Ronaldo de Oliveira, a esposa dele Soraya Gomes da Cunha, 39, dois filhos do casal, uma nora e uma irmão de Ronaldo foram presos no âmbito da Operação Old West, da Polícia Civil do Distrito Federal (PCDF). Segundo as investigações, a família é acusada de integrar um esquema criminoso que usava um batalhão formado por, ao menos, 15 laranjas e testas de ferro para lavar dinheiro.
Os acordos firmados entre as empresas dos investigados e a TCB têm como objetivo a contratação de coletivos para transporte de alunos que residem em localidades urbanas ou rurais onde não há transporte público.
Conforme relatado pelo TCDF, além de admitir o uso de ônibus antigos no início do contrato, a TCB manteve indevidamente a taxa de depreciação da frota dessas empresas em 8,57%, percentagem definida para veículos com 4 anos de idade.
A depreciação, que só deve ser paga no caso de veículos novos, corresponde a uma média de 12% da composição do custo do quilômetro rodado, sendo esse pagamento item de maior representatividade no valor repassado às essas prestadoras de serviço.
Além das empresas vinculadas a Ronaldo de Oliveira, o TCDF identificou repasses indevidos a outras companhias vencedoras de licitações com a TCB. Segundo o órgão do legislativo, os pagamentos geraram prejuízo superior a R$ 10 milhões aos cofres públicos. Apesar disso, os danos ao erário podem ser ainda maiores, uma vez que dos 642 veículos empregados à época, nos 24 contratos, foram disponibilizados os CRLVs de apenas 452.
Contrato alterado após prisão
Seis dias após ter sido detida pela primeira vez no âmbito da Operação Old West, Soraya Gomes da Cunha, esposa de Ronaldo, teve contrato milionário alterado com a Sociedade de Transportes Coletivos de Brasília (TCB). Com o ato, publicado no Diário Oficial do Distrito Federal em 26 de dezembro de 2023, a empresa Oliveira Transportes e Turismo Ltda. pertencente a Soraya, passou a faturar valor total superior a R$ 17 milhões, 41,16% a mais que a quantia inicial – R$ 11.991.845.
Conforme consta no Portal da Transparência do DF, outras duas empresas pertencentes à quadrilha também ganharam licitações com a TCB: a Rodoeste Transporte e Turismo Eireli e a Izabely Transportes e Comércio de Alimentos Eireli. Na primeira, os investigados faturaram mais de R$ 25 milhões. Na segunda, cerca de R$ 504.614,88.

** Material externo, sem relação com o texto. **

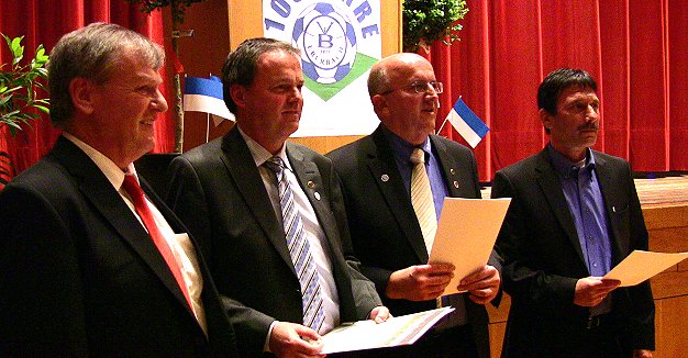 Unterhaltsamer Festabend bildete den Auftakt zu den Jubiläumsfeiern Johannes Kolmer (Fußballkreis Heidelberg) mit den Geehrten Joachim Scheible, Peter Huck und Michael Stumpf (v.l.). (Foto: Hubert Richter)Mehr Bilder (Klicken zum Vergrößern):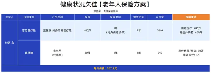 还是以55岁为例,以下方案可供参考,每月仅需107.9元:

Fraude em sistema de bilhetagem
O Metrópoles apurou que a organização criminosa mantém contratos com o governo desde, pelo menos, 2018. No ano, inclusive, o Tribunal de Contas do DF (TCDF) determinou a anulação de um dos procedimentos licitatórios no qual a empresa Rodoeste Transporte fez parte, por suspeita de fraude.
Apesar da ação do órgão de controle, mandados de segurança impetrados pelos advogados dos empresários devolveram a gestão e execução dos contratos.

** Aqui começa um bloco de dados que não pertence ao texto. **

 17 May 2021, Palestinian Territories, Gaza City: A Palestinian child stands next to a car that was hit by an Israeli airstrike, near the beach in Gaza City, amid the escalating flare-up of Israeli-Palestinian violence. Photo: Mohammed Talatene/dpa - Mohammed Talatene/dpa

À época, a PCDF também deflagrava a Operação Trickster para apurar um esquema criminoso no qual R$ 1 bilhão teria sido desviado por meio de fraudes no sistema de bilhetagem eletrônica do extinto Transporte Urbano do DF (DFTrans).
As apurações resultaram na prisão preventiva de Soraya e de Ronaldo. A mulher, como tinha filho menor, fez acordo com a Justiça e passou um período usando tornozeleira eletrônica. O homem, por sua vez, fugiu.

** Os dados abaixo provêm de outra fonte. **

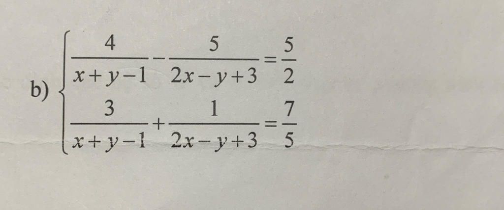 \begin{align*} &\text{Giải hệ phương trình:} \\ &\begin{cases} \displaystyle \frac{4}{x + y - 1} - \frac{5}{2x - y + 3} = \frac{5}{2} \\ \displaystyle \frac{3}{x + y - 1} + \frac{1}{2x - y + 3} = \frac{7}{5} \end{cases} \\[1em] &\text{Đặt } u = \frac{1}{x + y - 1}, \quad v = \frac{1}{2x - y + 3} \Rightarrow \begin{cases} 4u - 5v = \frac{5}{2} \\ 3u + v = \frac{7}{5} \end{cases} \\[1em] &\text{Từ phương trình dưới: } v = \frac{7}{5} - 3u \\ &\text{Thay vào phương trình trên: } 4u - 5\left(\frac{7}{5} - 3u\right) = \frac{5}{2} \\ &\Rightarrow 4u - 7 + 15u = \frac{5}{2} \\ &\Rightarrow 19u = \frac{5}{2} + 7 = \frac{19}{2} \Rightarrow u = \frac{1}{2} \\ &\Rightarrow v = \frac{7}{5} - 3 \cdot \frac{1}{2} = \frac{7}{5} - \frac{3}{2} = \frac{14 - 15}{10} = -\frac{1}{10} \\[1em] &\text{Khi đó: } \frac{1}{x + y - 1} = \frac{1}{2} \Rightarrow x + y - 1 = 2 \Rightarrow x + y = 3 \\ &\phantom{\text{Khi đó: }} \frac{1}{2x - y + 3} = -\frac{1}{10} \Rightarrow 2x - y + 3 = -10 \Rightarrow 2x - y = -13 \\[1em] &\text{Giải hệ:} \begin{cases} x + y = 3 \\ 2x - y = -13 \end{cases} \Rightarrow \text{Cộng hai phương trình: } 3x = -10 \Rightarrow x = -\frac{10}{3} \\ &\Rightarrow y = 3 - x = 3 + \frac{10}{3} = \frac{19}{3} \\[1em] &\text{Vậy nghiệm của hệ là: } \boxed{x = -\frac{10}{3},\ y = \frac{19}{3}}. \end{align*}

Durante o período, a dupla não perdeu os contratos milionários que tinha com a TCB. A reportagem do Metrópoles confirmou que as empresas do casal permaneceram operando, mesmo sem a presença dos empresários. Várias garagens onde ônibus estavam estacionados eram vigiadas por funcionários e seguranças.
O esquema criminoso
Após ser alvo da Operação Trickster, Ronaldo de Oliveira desenvolveu um sistema sofisticado para lavar dinheiro, especificamente mais de R$ 31 milhões. Para isso, o empresário apontado como “dono de Brazlândia” usou um supermercado e contas de poupança em nome de testas de ferro para lavar centenas de milhares de reais. Até mesmo filhos menores de idade de Ronaldo de Oliveira foram aproveitados no esquema, segundo a polícia.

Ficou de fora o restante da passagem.